───── TASK INPUT

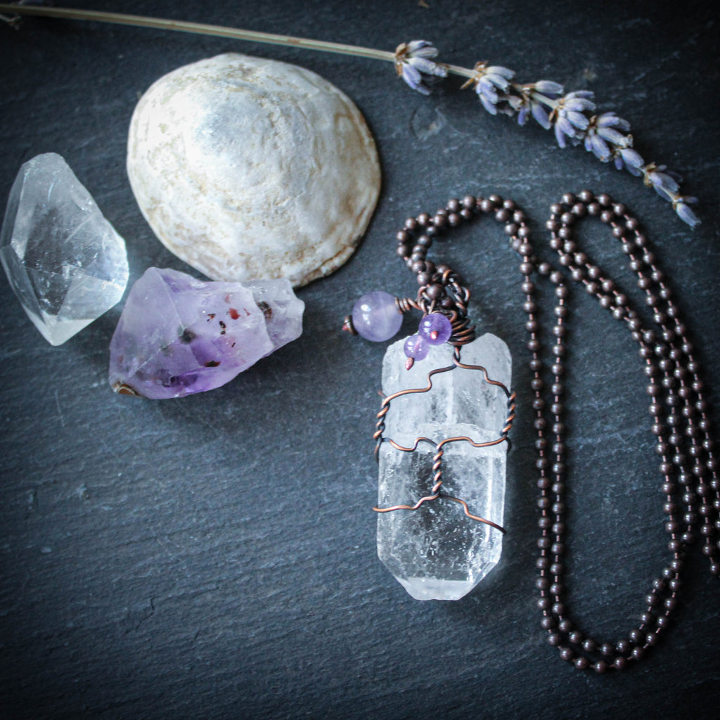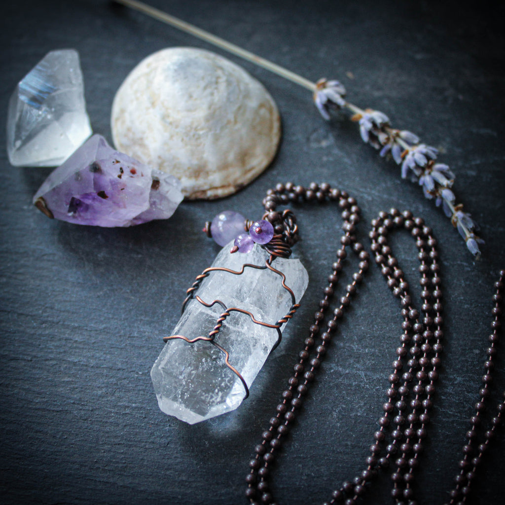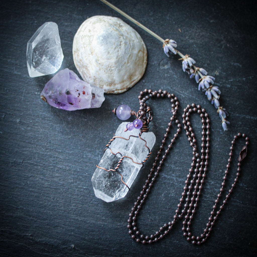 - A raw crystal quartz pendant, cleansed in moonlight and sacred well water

──────────
───── TASK INPUT

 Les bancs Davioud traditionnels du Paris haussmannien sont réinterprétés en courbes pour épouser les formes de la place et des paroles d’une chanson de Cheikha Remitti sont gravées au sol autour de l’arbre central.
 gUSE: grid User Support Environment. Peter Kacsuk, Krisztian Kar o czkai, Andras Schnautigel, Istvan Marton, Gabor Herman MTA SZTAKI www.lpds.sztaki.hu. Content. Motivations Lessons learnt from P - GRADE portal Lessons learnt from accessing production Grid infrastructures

──────────

ASSIGNMENT
Please copy, exactly as written, every line in the listing above from the line with "Les bancs Davioud" up to and including the line with "gUSE: grid User".

YOUR SOLUTION
 Les bancs Davioud traditionnels du Paris haussmannien sont réinterprétés en courbes pour épouser les formes de la place et des paroles d’une chanson de Cheikha Remitti sont gravées au sol autour de l’arbre central.
 gUSE: grid User Support Environment. Peter Kacsuk, Krisztian Kar o czkai, Andras Schnautigel, Istvan Marton, Gabor Herman MTA SZTAKI www.lpds.sztaki.hu. Content. Motivations Lessons learnt from P - GRADE portal Lessons learnt from accessing production Grid infrastructures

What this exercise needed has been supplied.